ISSN 1470-3947 (print) | ISSN 1479-6848 (online)

Endocrine Abstracts (2011) 25 OC3.7

Thyroid dysfunction and clot structure: a mechanism for increased thrombotic risk in hyperthyroid individuals?

Jonathan Hooper1, Steve Orme2, Bregje van Zaane3, Katharina Hess1, Saad Alzahrani1, Kristina Standeven1, Simon Pearce4, Peter Grant1 & Ramzi Ajjan1,2


1Division of Cardiovascular and Diabetes Research, Leeds Institute of Genetics, Health and Therapeutics, University of Leeds, Leeds, West Yorkshire, UK; 2Department of Endocrinology, Leeds Teaching Hospital NHS Trust, Leeds General Infirmary, Leeds, West Yorkshire, UK; 3Department of Internal Medicine, Slotervaart Hospital, Amsterdam, The Netherlands; 4Institute of Human Genetics, International Centre for Life, Newcastle-upon-Tyne, UK.


Hyperthyroidism is associated with increased thrombotic risk through mechanisms that are not fully understood. In contrast, a tendency to bleeding has been reported in hypothyroidism. Fibrin network structure has been shown to determine susceptibility to atherothrombosis and venous thrombotic events and therefore, this study investigates the effects of thyroid-dysfunction on clot structure and fibrinolysis using longitudinal interventional studies.

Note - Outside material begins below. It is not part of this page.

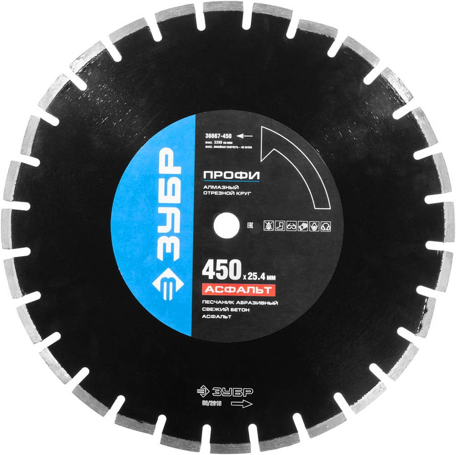 АСФАЛЬТ 450 мм, диск алмазный отрезной по асфальту, ЗУБР Профессионал

Seventeen hyperthyroid patients were recruited (mean age 39.41±2.6) and treated with antithyroid medication until euthyroid. Twenty hypothyroid subjects were also recruited (mean age 49.6±14.8) and treated with L-T4. In both groups, blood samples were taken at baseline and after normalisation of thyroid function. Coagulation-fibrinolysis characteristics were investigated ex vivo using a validated turbidimetric assay and the following parameters studied: i) lag phase (LP): indicating thrombotic tendency, ii) maximum absorbance (MA) measuring clot density, iii) time to 50% lysis (L50%), assessing fibrinolytic potential, iv) Lysis area (LA), measuring the balance between clot formation and lysis. Plasma levels of fibrinogen, plasminogen activator inhibitor-1 (PAI-1), C-reactive protein (CRP) and complement C3 were also measured.

LP was 612±21.1 in hyperthyroid subjects, increasing to 709±23 s after normalising thyroid function (P=0.001), whereas MA fell from 0.43±0.03 to 0.36±0.02 a.u. (P=0.009). LA was larger at baseline than post treatment (246±26.4 and to 164±22, respectively; P=0.02). Fibrinogen, PAI-1 and C3 levels were all higher in the hyperthyroid phase. In contrast, hypothyroid subjects had longer LP at baseline compared with post-normalisation of thyroid function (354±13 and 321±7 s, respectively; P=0.005), whereas MA increased from 0.32±0.02 to 0.36±0.02 (P=0.008).

Hyperthyroid patients have a procoagulant tendency, with short lag phase, compact clot structure and impaired-lysis, whilst the opposite is true in hypothyroidism. We suggest that altered clot structure in hyperthyroid subjects is responsible, at least in part, for increased thrombotic risk in this population.